To Ashish

I started writing because I wanted to hide from my mother. I needed a space that could be only mine, that nobody wanted because they didn’t know it existed. It gave me some kind of thrill to hide when I was wanted the most. I treasured those moments when I could just hide and watch them look for me. To not be seen when they were frantically looking for you gives you some kind of sadistic authority over yourself and your space. Some similar kind of thrill was transferred onto that moment when I first wrote a full sentence. For those kind souls who do read my blog, you may remember a boy named ‘Ashish’ that I mentioned in a post titled ‘Poof’. For all the times I have fallen in and out of love with god knows how many people, I remember Ashish very well.

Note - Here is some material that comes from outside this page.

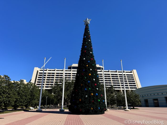 You can take a quick peek at it as you’re coming around the monorail, but you can’t truly appreciate the scale until you’re at ground level. This gigantic tree is gorgeous and decked out in larger-than-life ornaments and ribbons!

He was chubby (just the way I like ’em even to this day) and had brown, wavy hair. In all that time that I was in love with him, he must have glanced at my direction once, maybe twice. We never talked to each other.

So him and Rashmi (also a girl I was in love with) were friends and it seemed like he spent all of his life with her. This drove me insane one evening and I wanted terribly to do something about it. I did the only thing that I felt like doing. I wanted to write “I hate you Ashish” hoping it would help me out of feeling lost and small. And where did I write this bit? On a wall in my Mother’s bedroom. I don’t know why I picked her room. I didn’t really pick actually. I remember I had a red pen in my hand and I was in her room and I just walked up to the wall and wrote it. In awfully small font. So small that even if everyone in the world would overlook it, my mother would read it. Because I wrote it and it was THAT small so she had to know what I was hiding (?) from her no?

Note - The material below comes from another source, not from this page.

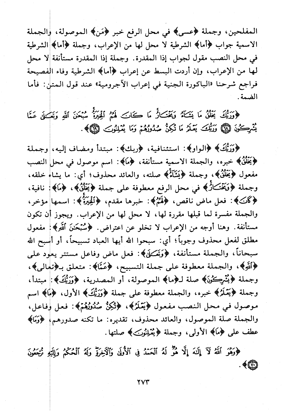 {وَرَبُّكَ} {الواو}: استئنافية، {رَبُّكَ}: مبتدأ ومضاف إليه، وجملة {يَخْلُقُ} خبره، والجملة الاسمية مستأنفة، {مَا}: اسم موصول في محل النصب مفعول {يَخْلُقُ}، وجملة {يَشَاءُ} صلته، والعائد محذوف؛ أي: ما يشاء خلقه، وجملة {وَيَخْتَارُ} في محل الرفع معطوفة على جملة {يَخْلُقُ}، {مَا}: نافية، {كَانَ}: فعل ماض ناقص، {لَهُمُ}: خبرها مقدم، {الْخِيَرَةُ}: اسمها مؤخر، والجملة مفسرة لما قبلها مقررة لها، لا محل لها من الإعراب. ويجوز أن تكون مستأنفة. وهنا أوجه من الإعراب لا تخلو عن اعتراض. {سُبْحَانَ اللَّهِ}: مفعول مطلق لفعل محذوف وجوبًا؛ أي: سبحوا الله أيها العباد تسبيحًا، أو أسبح الله سبحانًا، والجملة مستأنفة، {وَتَعَالَى}: فعل ماض وفاعل مستتر يعود على {اللَّهِ}، والجملة معطوفة على جملة التسبيح، {عَمَّا}: متعلق بـ {تعالى}، وجملة {يُشْرِكُونَ} صلة لـ {ما} الموصولة، أو المصدرية، {وَرَبُّكَ}: مبتدأ، وجملة {يَعْلَمُ} خبره، والجملة معطوفة على جملة {وَرَبُّكَ} الأول، {مَا} اسم موصول في محل النصب مفعول {يَعْلَمُ}، {تُكِنُّ صُدُورُهُمْ}: فعل وفاعل، والجملة صلة الموصول، والعائد محذوف، تقديره: ما تكنه صدورهم، {وَمَا} عطف على {مَا} الأولى، وجملة {يُعْلِنُونَ} صلتها.

The woman bawled my name out soon as she read it demanding to know why I had written what I had written. I remember feeling terrified when I had to explain it  to her. So I made up some gibberish and ran away. That may have just been the first of the many ‘Explain yourself’ encounters I was going to have with my mother in future. But I remember feeling devilishly happy because I had managed to piss her off. That episode triggered so much pleasure in me that I decided to keep a journal in some freudian hope that she would read it and be annoyed.

That’s how and why I found writing. It became my most sought out hiding place and promised me guilty pleasures like hiding and watching someone looking for me, hiding and watching someone read what I have written and other such nonsense. Eventually, writing has helped me move closer to the woman I want to become, even though I don’t know who the hell that is.